A study from 2021 found a high TMB could predict whether patients would respond well to a type of immune checkpoint inhibitor known as pembrolizumab. {snip}

“It’s essentially one of the few FDA-approved pancancer biomarkers,” says Alexander Gusev, a statistical geneticist at the Dana-Farber Cancer Institute who led the new study.

But what determines whether a patient truly has a high TMB? Doctors typically compare a tumor’s genetic material against reference genomes found in huge databases that compile DNA from thousands of people. But these databases are not diverse, Gusev says. For instance, gnomAD is made up of 56,885 European sequences, but only 8128 African ones.

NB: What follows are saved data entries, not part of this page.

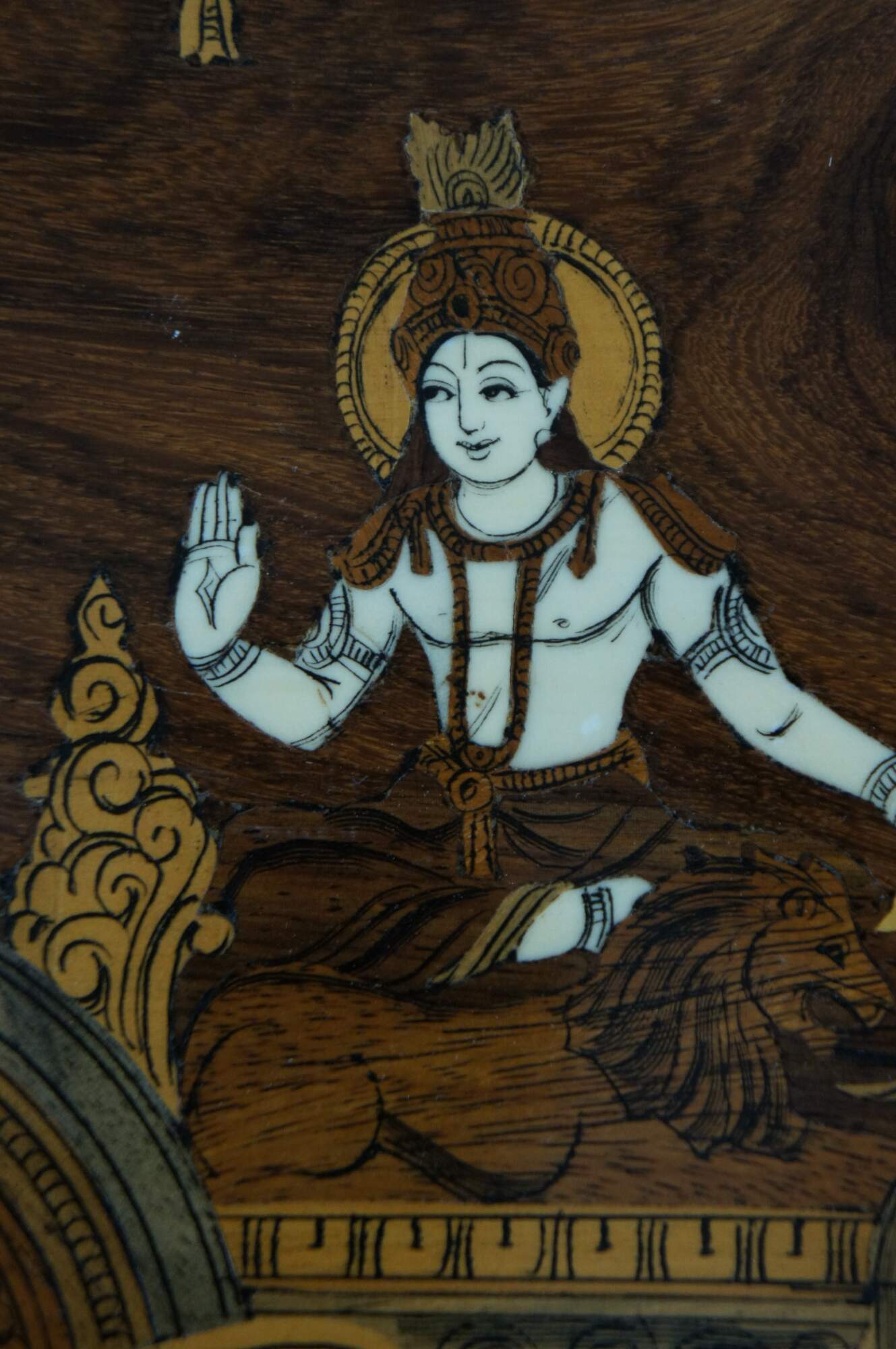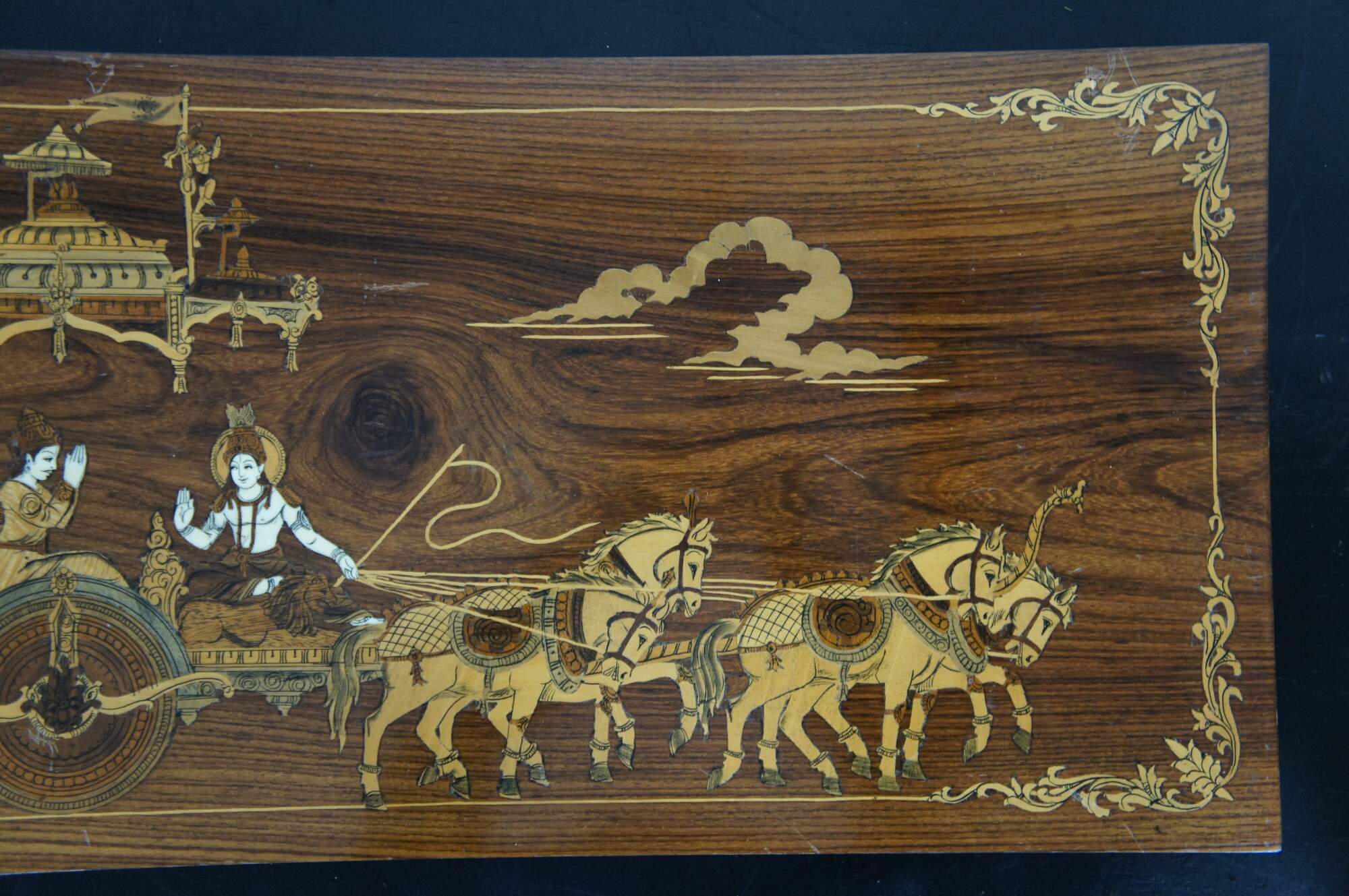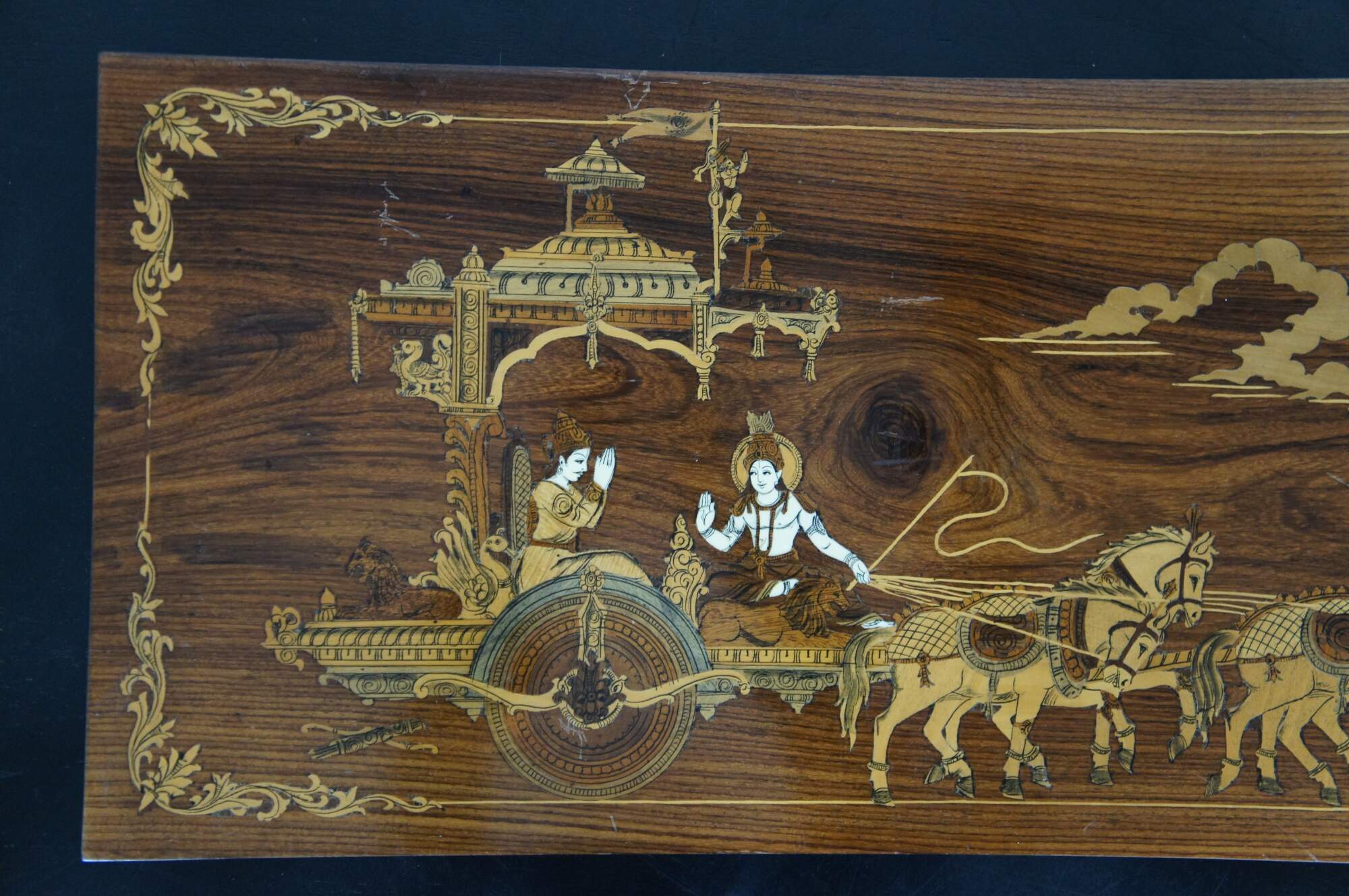 Beautiful Indian / Hindu inlaid wood panel depicting the Hindu god Krishna driving the chariot of warrior-prince Arjuna from the Bhagavad Gita.
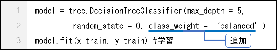 ※ class_weight 引数は不均衡データのときに指定する.決定木モデルだけでなく,他の分類モデルでも同様に指定できる.例,LogisticRegression( class_weight = 'balanced' )
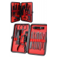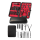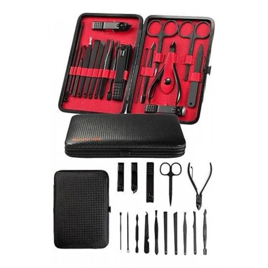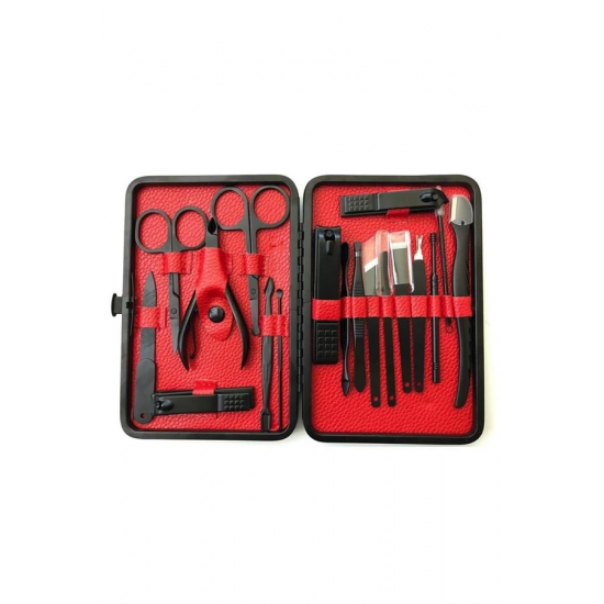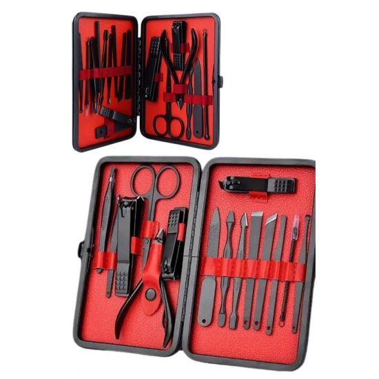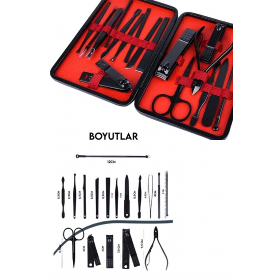 17 Parça Manikür Pedikür Seti Paslanmaz Çelik Deri Çantalı Siyah Tırnak Bakım SetiBu 17 parçalı manikür pedikür seti, el ve ayak bakımınızı en iyi şekilde yapabilmeniz için gerekli tüm araçları içerir. Setin tamamı yüksek kaliteli paslanmaz çelikten üretilmiştir, bu sayede uzun ömürlü, dayanıklı ve hijyeniktir. Setin her bir parçası, bakımınızı kolaylaştırmak ve profesyonel sonuçlar elde etmenize yardımcı olmak için titizlikle seçilmiştir.Yüksek Kaliteli Paslanmaz Çelik ve Keskin Aletler:Setin tüm ürün parçaları %100 paslanmaz çelikten üretilmiştir. Bu, korozyon riski olmadan uzun süre kullanılmasını sağlar. Keskin aletler, tırnak bakımında mükemmel sonuçlar elde etmenize yardımcı olur. Hem el hem de ayak tırnaklarınıza güvenle şekil verebilir, temiz ve düzgün kesimler yapabilirsiniz.Şık ve Fonksiyonel Deri Çanta:Set, taşınabilirliği artıran zarif bir deri çanta içinde sunulur. Fermuarla kolayca açılıp kapanabilen bu çanta, tüm aletlerinizi düzenli tutarak, taşımayı kolaylaştırır. Çantanızda rahatça taşıyabileceğiniz bu set, seyahatte veya evde kullanım için mükemmeldir.Kapsamlı ve Fonksiyonel Set İçeriği:Bu set, tırnak bakımınızı mükemmel bir şekilde yapabilmeniz için ihtiyacınız olan tüm aletleri içerir. İçeriğinde büyük ve küçük tırnak makasları, sivri uçlu tırnak makası, törpü, et ittirici, pedikür bıçakları ve daha birçok kullanışlı araç bulunur. Ayrıca, her parça hijyenik kullanım için kolayca temizlenebilir.Sağlıklı ve Güvenli Kullanım:Paslanmaz çelik yapısı, korozyona karşı dayanıklı olup, bakım sırasında enfeksiyon riskini en aza indirir. Her bir parça, sağlıklı ve güvenli bir kullanım için tasarlanmıştır, bu da hijyenin her zaman ön planda tutulmasını sağlar.Paket İçeriği:1 adet büyük tırnak makası1 adet küçük tırnak makası1 adet sivri uçlu tırnak makası1 adet çift uçlu komedon1 adet törpü1 adet et ittirici1 adet çift taraflı tırnak kaldırma aleti1 adet makas1 adet pedikür bıçağı1 adet çarpraz pedikür bıçağı1 adet kavisli pedikür bıçağı1 adet V şeklinde et itme1 adet itme çubuğu1 adet tırnak temizleme1 adet cımbız1 adet iğneli komedon1 adet kulak temizlemeÖzellikler:%100 paslanmaz çelik malzemeŞık ve taşıması kolay deri çantaHijyenik ve güvenli kullanımKolay temizlenebilir aletlerSeyahat dostu, taşınabilir yapıEvde veya seyahatte kullanabileceğiniz bu manikür pedikür seti, bakımınızı en iyi şekilde yapabilmeniz için ideal bir seçimdir. Hem kendinize hem de sevdiklerinize hediye edebileceğiniz harika bir bakım setidir.
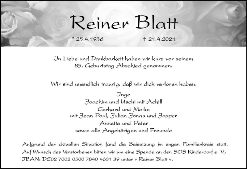 Hier finden Sie alle Traueranzeigen aus der Zeitung, die bisher für Reiner Blatt erschienen sind. Weitere Traueranzeigen, die in der Zeitung erscheinen, werden hier ebenfalls aufgelistet
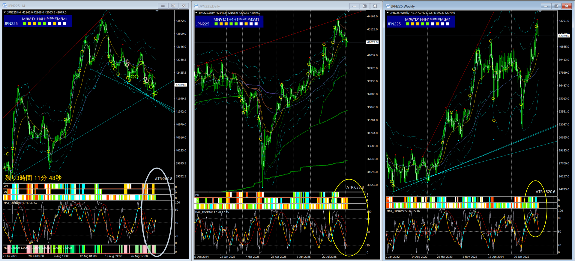 一方で、週足のMAXオシレーター、シンクロバンドは「弱い下落」を示唆
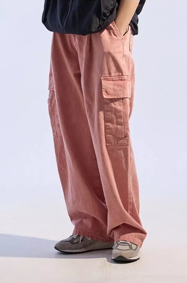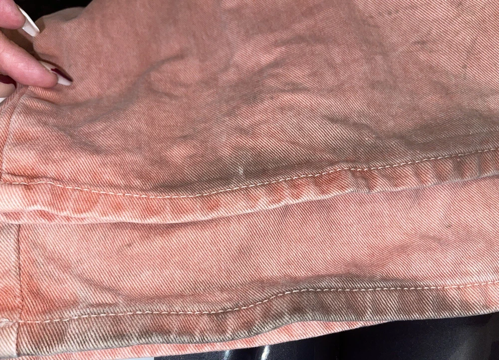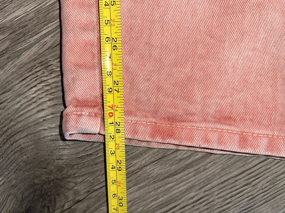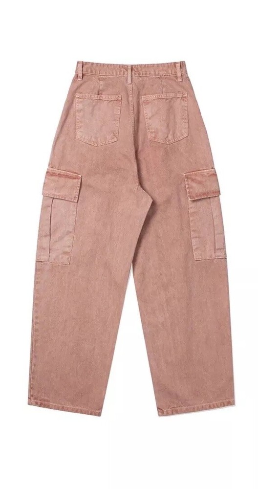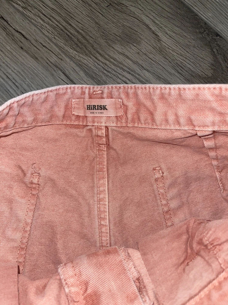 Excellent used condition HiRisk Men’s Wide Leg Cargo Denim Pants Size Medium . Super cool and stylish and wide leg Pinkish/Soft red cargo jeans . They are described as pale pink but I see it as a very dull red lol . Great condition with the exception of the he on the bottom back As shown in the photos.
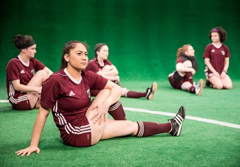 The play takes place on Sarah Bahr's sea of green AstroTurf set, with each of the girls in their Wolves uniform, but with enough oh-so subtle variations (also Bahr's work) to say something about their individuality. The undefeated Wolves are determined to take their conference title and make it to nationals in Florida. Some are counting on sports scholarships to fund their college plans. The first two conversations we hear, simultaneously, are about menstruation (pads versus tampons, the fear of blood running down their leg while on the field) and whether or not a recently tracked down perpetrator of the Khmer Rouge genocide, now in his 90s, should be granted forgivenessthis, an extension of a discussion in their social studies class in school. Conversations in this and other scenes leapfrog around, from whether or not there is internet in Cambodia to griping about their (unseen) hungover coach, to Harry Potter and "Lord of the Rings" fandom. One girl knits scarves for an Amnesty International project, to help Central American "kids in cages." Another talks about diedinhouse.com, a website that can tell you if anyone has ever died in your home (I checked, it's a real thing, but paid service). The team captain struggles to maintain authority, addressing her collective teammates as "ladies," while she clearly has some deep insecurities of her own. A new girl on the team stands out not only by her newness, but a pronounced social awkwardness (e.g., clueless as to when to speak and when to refrain, blurting out personal information about herself or others), and also by a set of life experiences very different from the other girls who have grown up in the same middle American community. When she hears girls behind her back say that she lives in a yogurt, she corrects them, telling them it's a yurt, and tries valiantly not to be crushed by their smirks. None of the girls are named during the scenes, being referred to by their player number, but we come to know their temperaments, get a sense of their differing histories with one anothersome go way back to elementary school, some more recent, some close friends, others sniping back and forth. Director Sarah Rasmussen takes DeLappe's rapid fire dialogueoften peppered with the profanity of kids trying adulthood on for sizeand manages to facilitate our awareness of who is talking to whom, even as individuals sometimes shift from one conversation to another. There are also the silences, when these young adults don't know what to say, when they are shocked or saddened or uncertain about the next step they need to take. Along with the fierce dialogue and precise direction, the cast ensures that each of these girls stands out as a unique individual, making this one of the strongest ensemble pieces in memory. Most of the nine young actors have not been seen very much on Twin Cities' stages, but all are welcome back, often. As the new girl, #46, Megan Burns creates a fascinating and painful picture of a young person trying to maintain her identity while also trying to fit in. Meredith Casey painfully portrays #2, the girl who is eager for womanhoodto a faultand Isabella Star LaBlanc (#00) is stunning in a solo scene, working out almost to the point of madness. Shelby Rose Richardson, as the captain, #25, is near heartbreaking as she tries to piece the private parts of her life into her public sphere. Added to these nine wonderful actors is veteran Jennifer Blagen as a Soccer Mom, mother of one of the players who, in her lone scene, reminds the audienceand those girls as wellof the adults caught between encouraging the girls' bravado and ambition, and cherishing their childhood. Not only do these performances communicate, both in words and non-verbally, with laser-sharp range, they are physically masterful in handling the required skills. The cast began play rehearsals in February to prepare for The Wolves' March 30 opening, but began working with a pair of soccer consultants last fall, developing knowledge of the game and the ball handling skills to appear natural on stage. In one sequence they do a drill called "spider web," intricately passing the ball by foot as they change places with another player in their circle. This scene might appear improvised, but is fully choreographed, and not one of the actors misses a beat. The Wolves has a semblance of plot, as certain relationships and future prospects for some of the girls develop during these few weeks of their indoor season. What is really at stake, though, is the balance of exhilaration and terror that are the dual companions to girls on the cusp of wommanhood, where being strong, smart, funny, attractive and popular are like Himalayan peaks to be conquered. We know, from what they say, that there is more to their lives than these soccer games, but DeLappe has been able to draw all of those facets of each girl into the face, posture and words they bring to the field. It is a marvelous feat of writing, performed with breathtaking authenticity. The Wolves deserves mighty howls of praise. The Wolves, through April 29, 2018, at the Jungle Theater, 2951 Lyndale Avenue S., Minneapolis MN. Tickets are $30.00 - $45.00. Seniors (60+) and students, through undergraduates, $5.00 discount. $25.00 public rush and $20.00 student rush (1 ticket with ID), for unsold seats two hours before performance at box office. For tickets call 612- 822-7073 or go to www.jungletheater.com. Playwright: Sarah DeLappe; Director: Sarah Rasmussen; Set and Costume Design: Sarah Bahr; Lighting Design: Karin Olson; Sound Design: Katharine Horowitz; Wig Design: Robert Grier; Properties: John Novak; Dramaturg: Michaela Johnson; Soccer Consultant: Jennifer Larrick; Assistant Soccer Consultant: Kyle Johnson; Stage Manager: Amanda K. Bowman; Technical Director: Leazah Behren; Production Manager: Matthew Early; Assistant Director: Cara Phipps. Cast: Chloe Armao (#14), Jennifer Blagen (Soccer Mom), Megan Burns (#46), Meredith Casey (#2), Mic
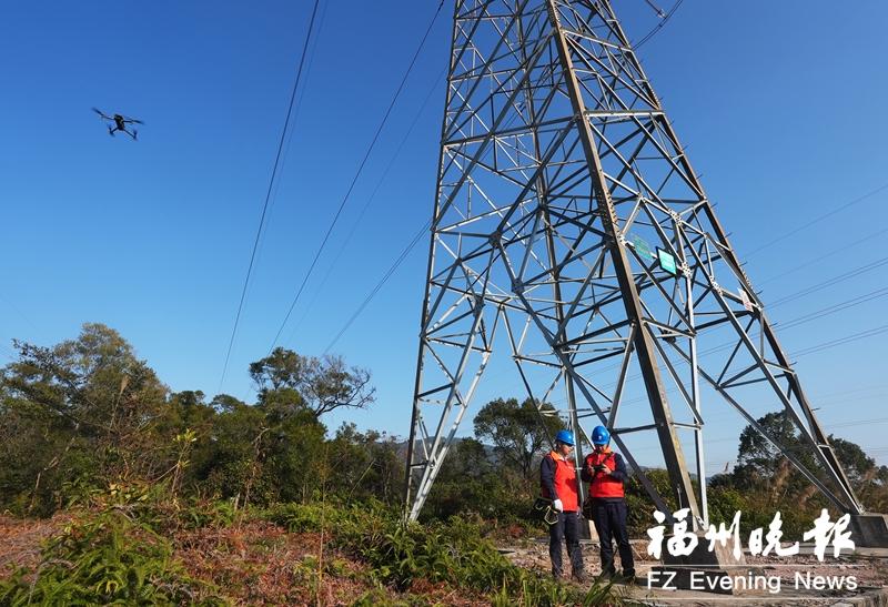 在马尾区马尾镇龙门村,输电运维人员运用无人机巡视线路。
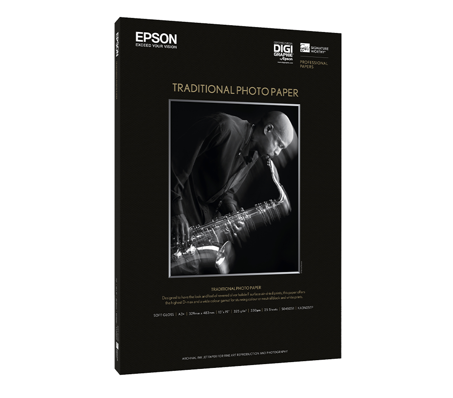 A3+, 25 listůTraditional Photo Paper patří k tomu nejlepšímu, co Epson nabízí pro nejkvalitnější tisk fotografií s nádechem podoby s klasickými analogovými fotografiemi.

To find out whether this disparity matters, Gusev and his colleagues compared the tumor sequences from more than 3600 cancer samples with sequences from a reference panel, and with the patient’s own DNA taken from healthy cells. When compared with a reference panel, the tumors of people with European ancestry showed a 50% higher TMB than they actually had, the researchers found. For patients who didn’t have European ancestry, their estimated TMB was more than twice as large as their actual TMB, the team reported last week in Cancer Cell.

The disparity was largest in patients with African and Asian ancestry. {snip}

A common algorithm used to compare disease and reference genomes also led to more false positives among people of non-European descent. Only 21% of patients of European ancestry had false high-TMB misclassifications, compared with 37% and 44% of patients of Asian or African descent, respectively, the team found.